**Task item:** Output the data word for word, dropping every image.

====== Data provided

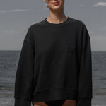 Made entirely in Los Angeles, the Barrel Sleeve Crewneck is designed in a locally knitted hemp viscose diagonal French terry. It features a barrel-shaped sleeve and long rib trim, creating a cool, oversized shape that still feels refined. Finished with our 70's SRF LA logo embroidered small on the chest, it’s a timeless sweatshirt redefined by Los Angeles craftsmanship.
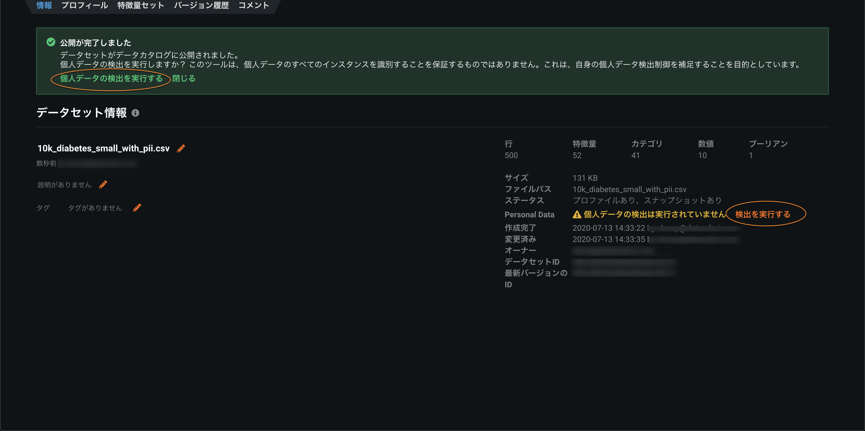 AIカタログのデータセットで個人データ検出を実行するには、情報ページに移動して、データセットの正常なパブリッシュを示すバナーで個人データの検出を実行するをクリックします。
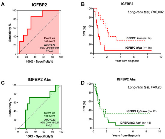Event-free survival (EFS) analysis distinguishing metastatic RMS patients according to plasmatic IGFBP2 and anti-IGFBP2 autoantibodies levels. (A) ROC curve establishing the predictive value that discriminate patients experiencing an event or not based on IGFBP2 protein levels and (B) Kaplan-Meier survival analysis representing EFS of metastatic RMS patients distinguished according to IGFBP2 levels. (C) ROC curves using anti-IGFBP2 autoantibodies levels to discriminate patients as in (A) and (D) Kaplan-Meier curves showing EFS of metastatic RMS patients distinguished according anti-IGFBP2 levels. AUC, area under the curve; CI, confidence interval.
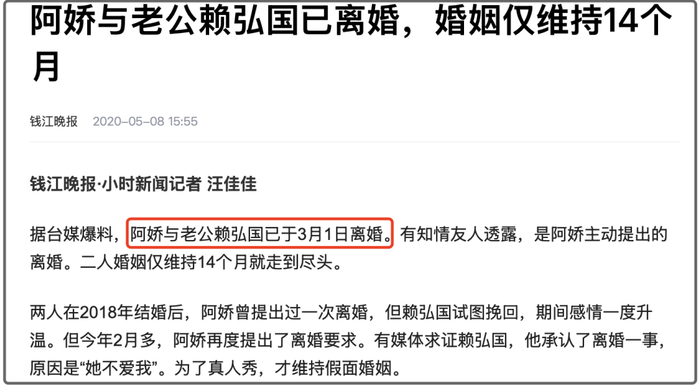 12月16日,狗仔出面爆料阿娇知三当三,瞬间引起网友热议,而随着知三当三风波持续发酵,有网友根据时间线发现,阿娇跟这个小鲜肉在一起,竟然是无缝衔接与赖弘国离婚。
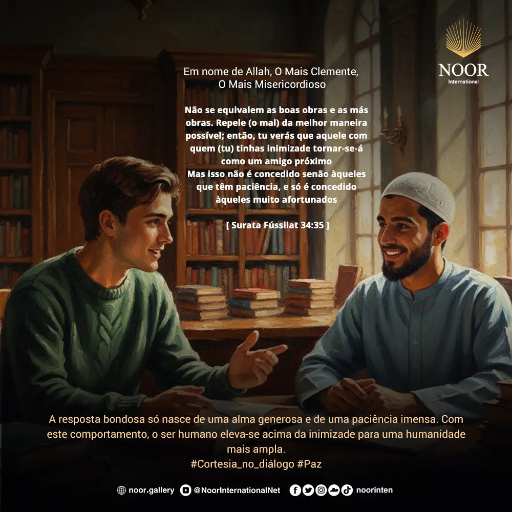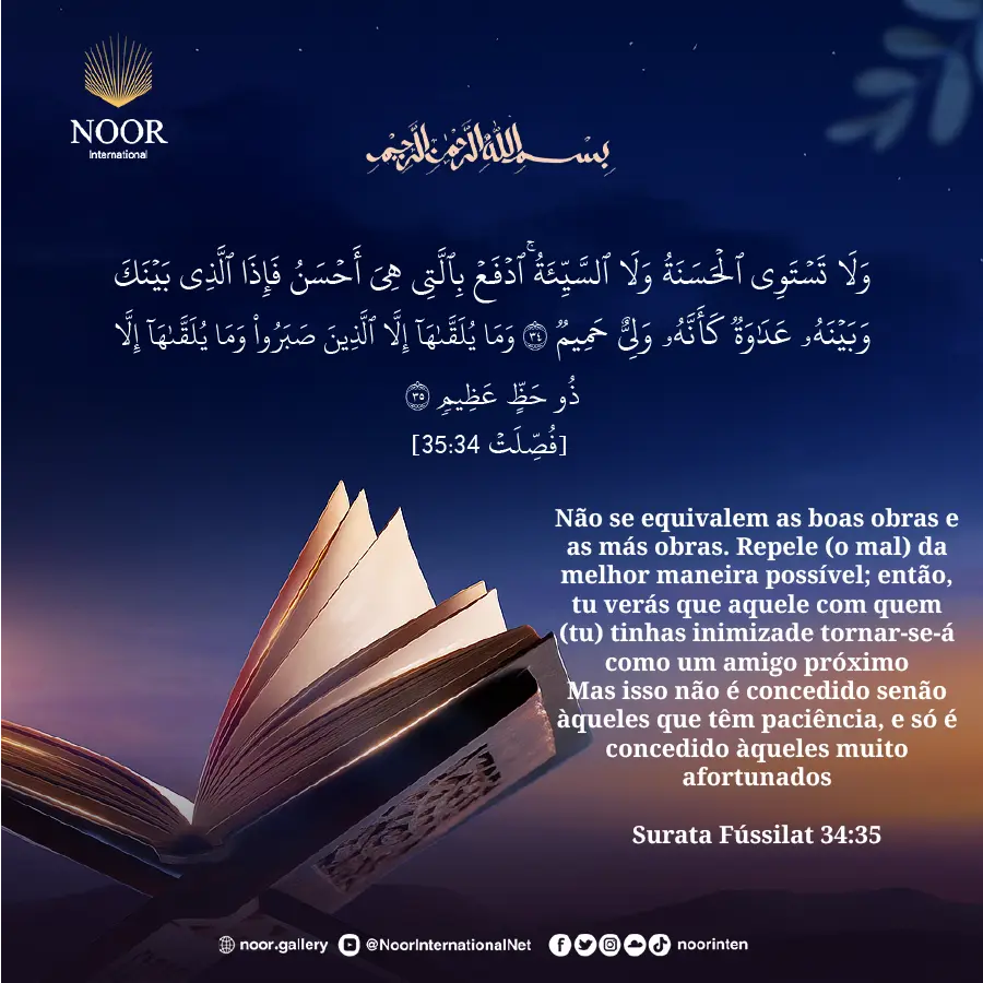 {Não se equivalem as boas obras e as más obras. Repele (o mal) da melhor maneira possível; então, tu verás que aquele com quem (tu) tinhas inimizade tornar-se-á como um amigo próximo. Mas isso não é concedido senão àqueles que têm paciência, e só é concedido àqueles muito afortunados.} [Corão 41:34-35]
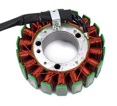 This engine generator stator coil is a direct replacement component designed to meet or exceed OEM standards. It is built to handle increased power loads and is factory tested for full reliability.
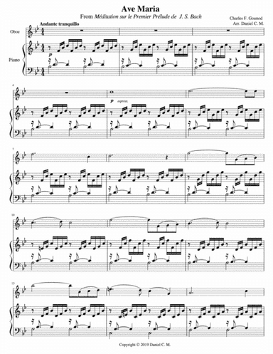 Oboe,Piano - Level 2 - Digital Download SKU: A0.810106 Composed by Johann Sebastian Bach, Charles Gounod. Arranged by Daniel C. M. Baroque,Concert,Romantic Period,Standards,Wedding. Score and part. 4 pages. Daniel C. M. #4985403. Published by Daniel C. M. (A0.810106). This beautiful work of art is now arranged for oboe and piano. The melody and the accompaniment are basically the same as the original for violin by Gounod. The key is changed to B flat so that the oboe is not too high. The PDF file includes the score (three pages) and the oboe part (one page).You can find this work in the original key (C major) published by Daniel C. M. This product was created by a member of ArrangeMe, Hal Leonard's global self-publishing community of independent composers, arrangers, and songwriters. ArrangeMe allows for the publication of unique arrangements of popular titles and original compositions from a variety of voices and backgrounds. The length, difficulty, and retail pricing are determined solely by the discretion of the person who arranged or composed it. About Digital Downloads Digital Downloads are downloadable sheet music files that can be viewed directly on your computer, tablet or mobile device. Once you download your digital sheet music, you can view and print it at home, school, or anywhere you want to make music, and you don’t have to be connected to the internet. Just purchase, download and play! PLEASE NOTE: Your Digital Download will have a watermark at the bottom of each page that will include your name, purchase date and number of copies purchased. You are only authorized to print the number of copies that you have purchased. You may not digitally distribute or print more copies than purchased for use (i.e., you may not print or digitally distribute individual copies to friends or students).
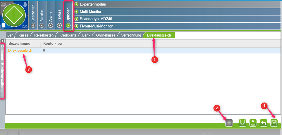 (1) Als erstes richten Sie unter Optionen / Kontoverwaltung / Direktausgleich den Belegkreis ein,

============

**Answer section:**
 Made entirely in Los Angeles, the Barrel Sleeve Crewneck is designed in a locally knitted hemp viscose diagonal French terry. It features a barrel-shaped sleeve and long rib trim, creating a cool, oversized shape that still feels refined. Finished with our 70's SRF LA logo embroidered small on the chest, it’s a timeless sweatshirt redefined by Los Angeles craftsmanship.
 AIカタログのデータセットで個人データ検出を実行するには、情報ページに移動して、データセットの正常なパブリッシュを示すバナーで個人データの検出を実行するをクリックします。
Event-free survival (EFS) analysis distinguishing metastatic RMS patients according to plasmatic IGFBP2 and anti-IGFBP2 autoantibodies levels. (A) ROC curve establishing the predictive value that discriminate patients experiencing an event or not based on IGFBP2 protein levels and (B) Kaplan-Meier survival analysis representing EFS of metastatic RMS patients distinguished according to IGFBP2 levels. (C) ROC curves using anti-IGFBP2 autoantibodies levels to discriminate patients as in (A) and (D) Kaplan-Meier curves showing EFS of metastatic RMS patients distinguished according anti-IGFBP2 levels. AUC, area under the curve; CI, confidence interval.
 12月16日,狗仔出面爆料阿娇知三当三,瞬间引起网友热议,而随着知三当三风波持续发酵,有网友根据时间线发现,阿娇跟这个小鲜肉在一起,竟然是无缝衔接与赖弘国离婚。
 {Não se equivalem as boas obras e as más obras. Repele (o mal) da melhor maneira possível; então, tu verás que aquele com quem (tu) tinhas inimizade tornar-se-á como um amigo próximo. Mas isso não é concedido senão àqueles que têm paciência, e só é concedido àqueles muito afortunados.} [Corão 41:34-35]
 This engine generator stator coil is a direct replacement component designed to meet or exceed OEM standards. It is built to handle increased power loads and is factory tested for full reliability.
 Oboe,Piano - Level 2 - Digital Download SKU: A0.810106 Composed by Johann Sebastian Bach, Charles Gounod. Arranged by Daniel C. M. Baroque,Concert,Romantic Period,Standards,Wedding. Score and part. 4 pages. Daniel C. M. #4985403. Published by Daniel C. M. (A0.810106). This beautiful work of art is now arranged for oboe and piano. The melody and the accompaniment are basically the same as the original for violin by Gounod. The key is changed to B flat so that the oboe is not too high. The PDF file includes the score (three pages) and the oboe part (one page).You can find this work in the original key (C major) published by Daniel C. M. This product was created by a member of ArrangeMe, Hal Leonard's global self-publishing community of independent composers, arrangers, and songwriters. ArrangeMe allows for the publication of unique arrangements of popular titles and original compositions from a variety of voices and backgrounds. The length, difficulty, and retail pricing are determined solely by the discretion of the person who arranged or composed it. About Digital Downloads Digital Downloads are downloadable sheet music files that can be viewed directly on your computer, tablet or mobile device. Once you download your digital sheet music, you can view and print it at home, school, or anywhere you want to make music, and you don’t have to be connected to the internet. Just purchase, download and play! PLEASE NOTE: Your Digital Download will have a watermark at the bottom of each page that will include your name, purchase date and number of copies purchased. You are only authorized to print the number of copies that you have purchased. You may not digitally distribute or print more copies than purchased for use (i.e., you may not print or digitally distribute individual copies to friends or students).
 (1) Als erstes richten Sie unter Optionen / Kontoverwaltung / Direktausgleich den Belegkreis ein,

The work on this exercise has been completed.